REQUIRED ACTION: Copy out the entire listing below exactly, but without its pictures.

RECORDED INFORMATION:
━━━━━━━━━━━━━━━━━━━━━━━━━━━━━━

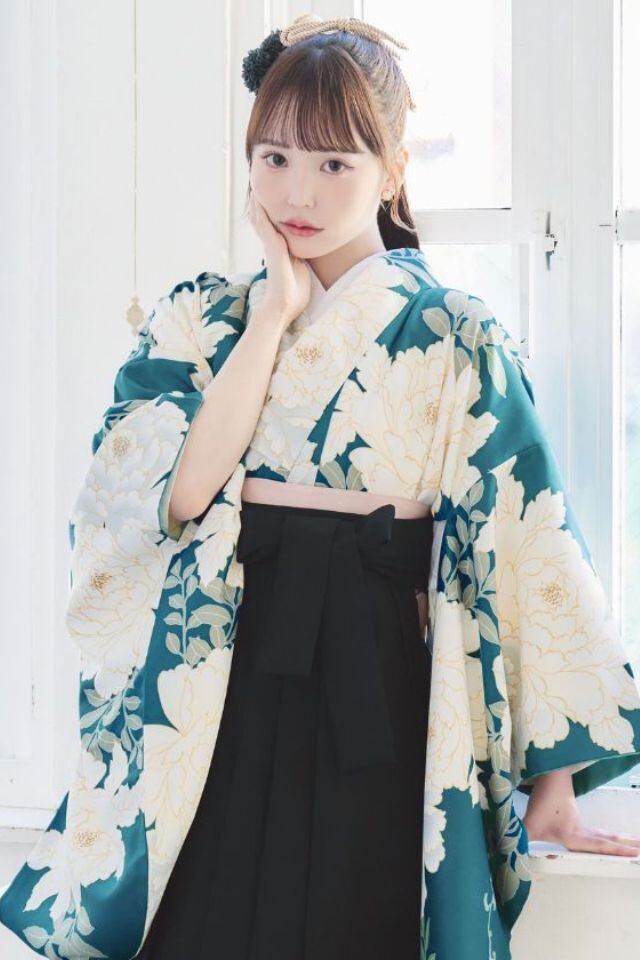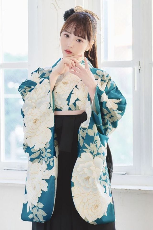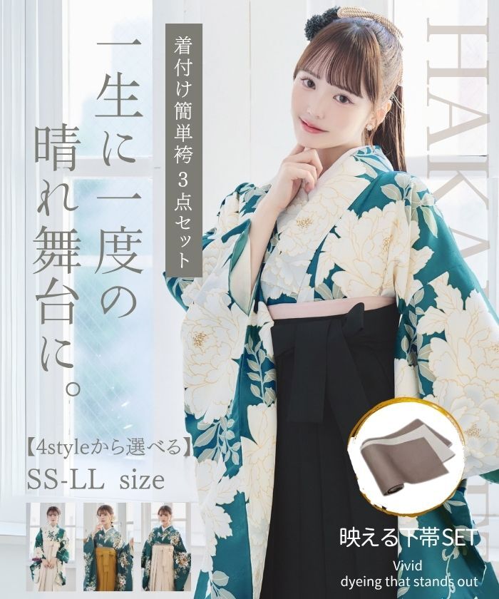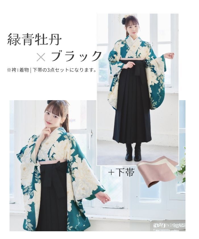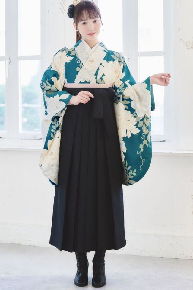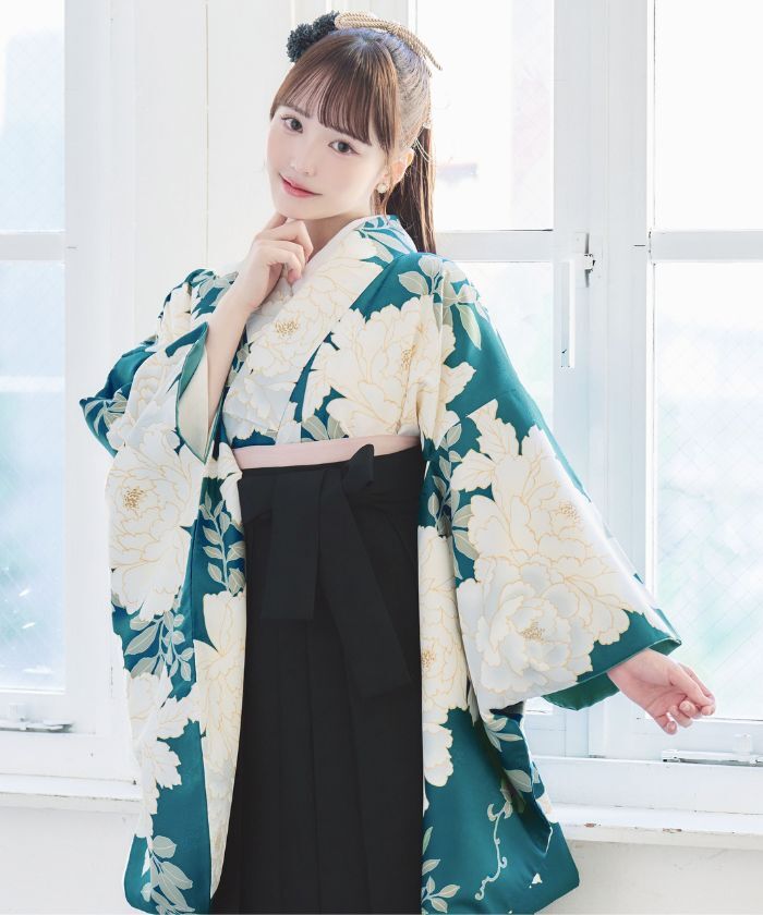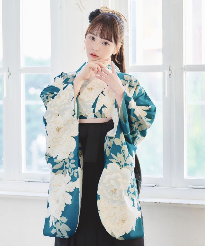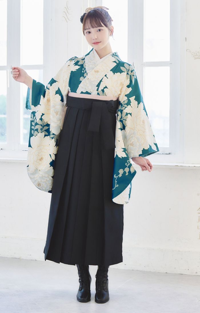 【袴4点set】春のぼたん古典ロマン(ブルーグリーン)65BK
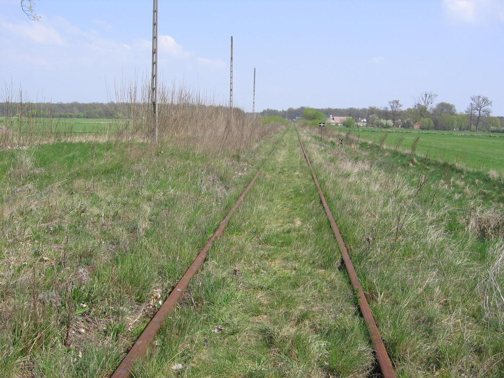 | Opis ogólny: Przystanek z jednym torem i jednym peronem, przy peronie jeszcze wiata /przerdzewiała/. Linia na tym odcinku zarośnięta tylko trawą, także raczej przejezdna. Infrastruktura w opłakanym stanie /brak słupków km, słupów telefonicznych, oznaczeń przejazdów itp./. (info: Grzegorz Szcześko, 2005-05-24) |
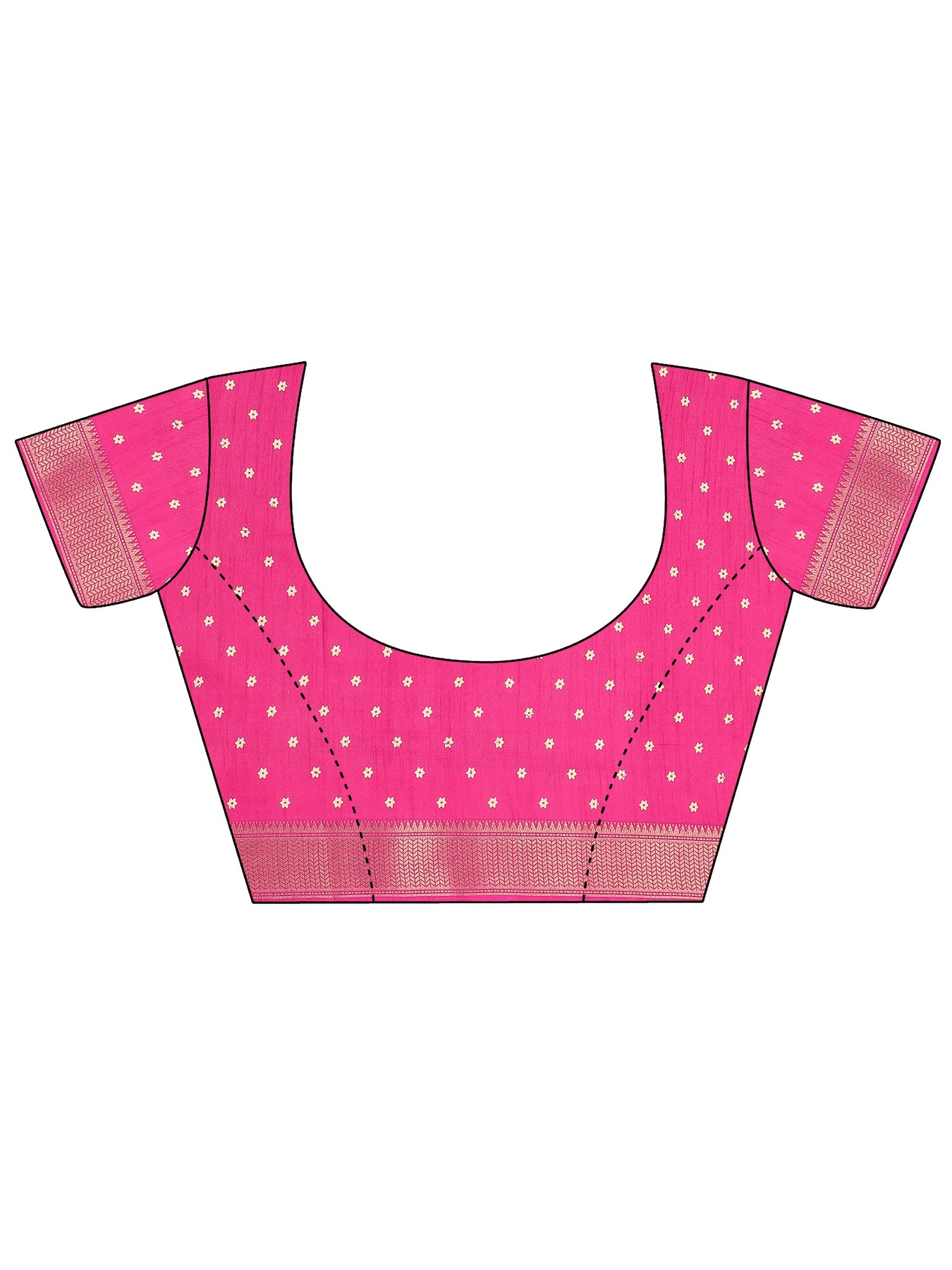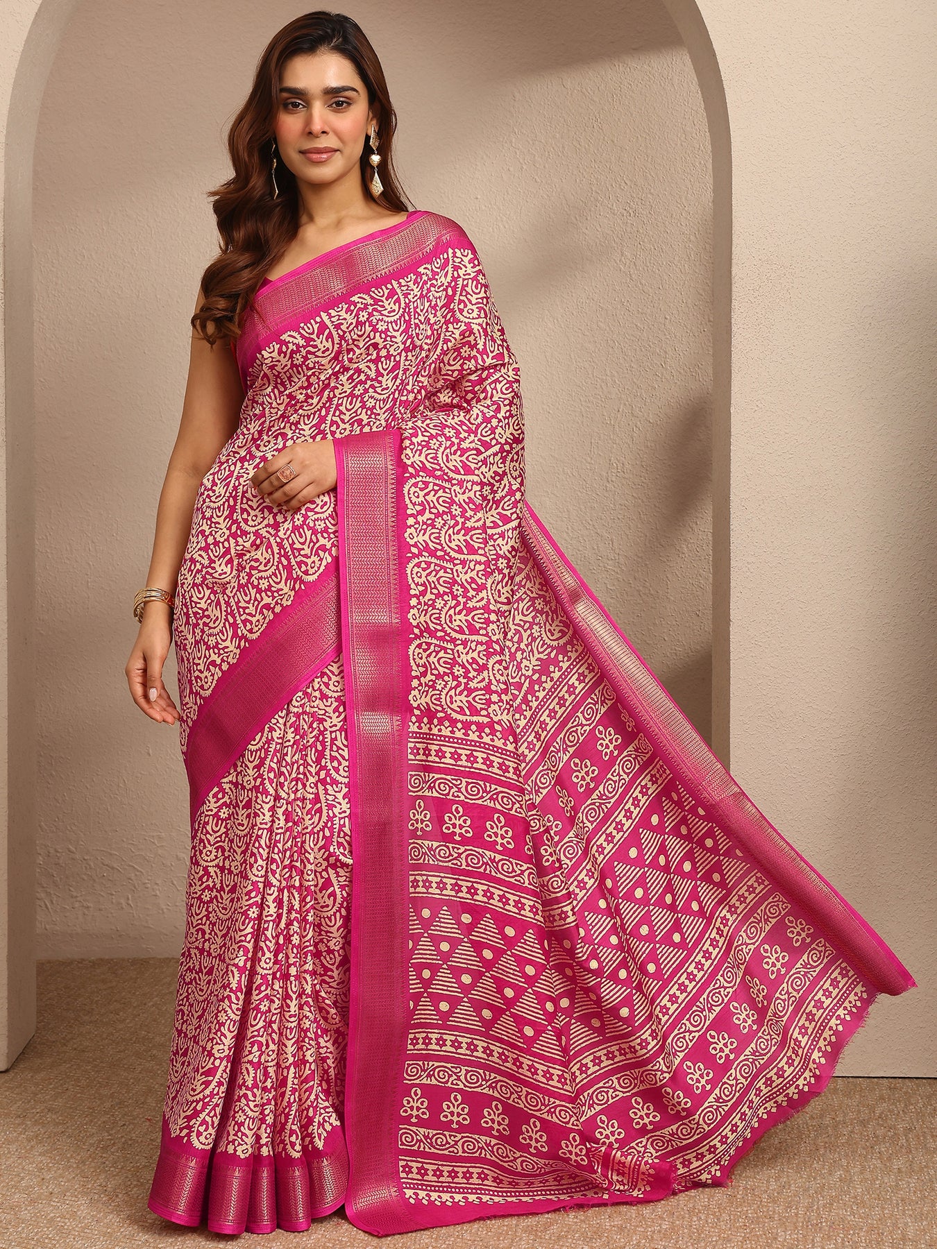 Pink Printed Silk Blend Saree With Unstitched Blouse Piece
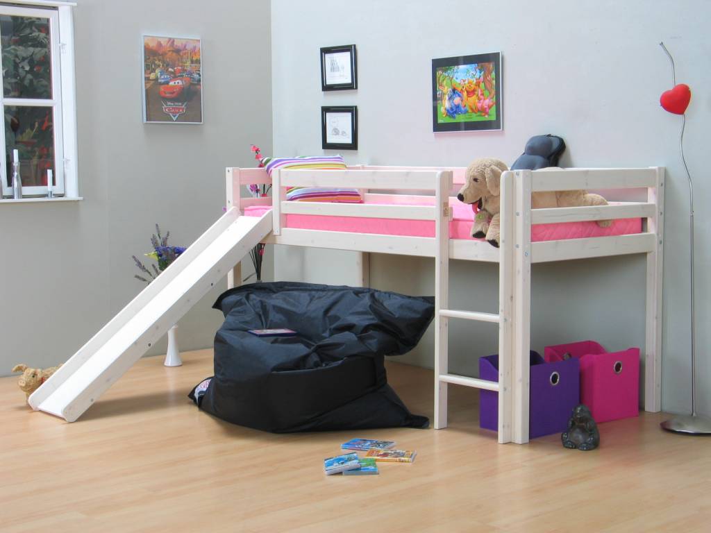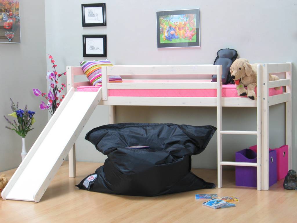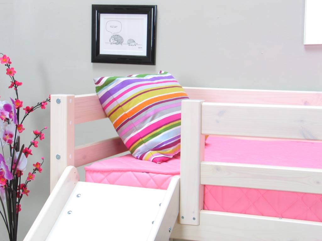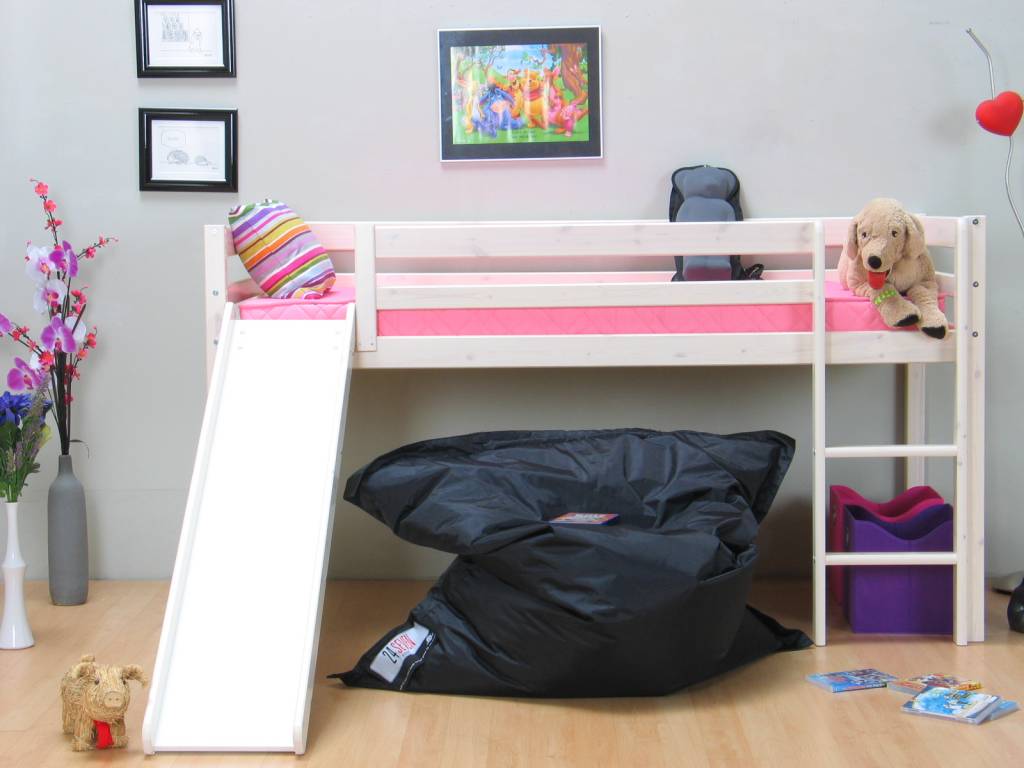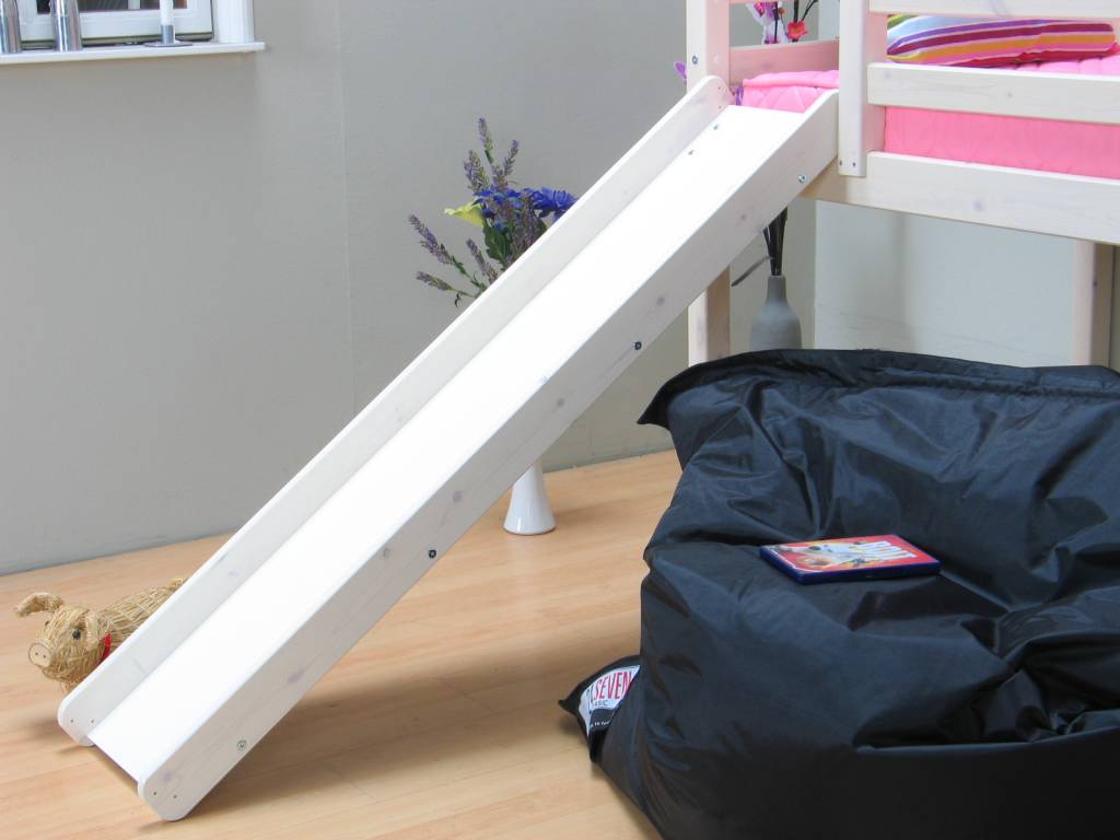 Topkwaliteit halfhoogslaper van massief grenenhout, inclusief glijbaan! Een bed van de Deense kwaliteitsfabrikant Thuka. Matras, op veiligheid geteste lattenbodem en accessoires als te zien op de foto's kunt u ook bijbestellen via onze website!

━━━━━━━━━━━━━━━━━━━━━━━━━━━━━━

RESPONSE TO THE EXERCISE:
 【袴4点set】春のぼたん古典ロマン(ブルーグリーン)65BK
 | Opis ogólny: Przystanek z jednym torem i jednym peronem, przy peronie jeszcze wiata /przerdzewiała/. Linia na tym odcinku zarośnięta tylko trawą, także raczej przejezdna. Infrastruktura w opłakanym stanie /brak słupków km, słupów telefonicznych, oznaczeń przejazdów itp./. (info: Grzegorz Szcześko, 2005-05-24) |
 Pink Printed Silk Blend Saree With Unstitched Blouse Piece
 Topkwaliteit halfhoogslaper van massief grenenhout, inclusief glijbaan! Een bed van de Deense kwaliteitsfabrikant Thuka. Matras, op veiligheid geteste lattenbodem en accessoires als te zien op de foto's kunt u ook bijbestellen via onze website!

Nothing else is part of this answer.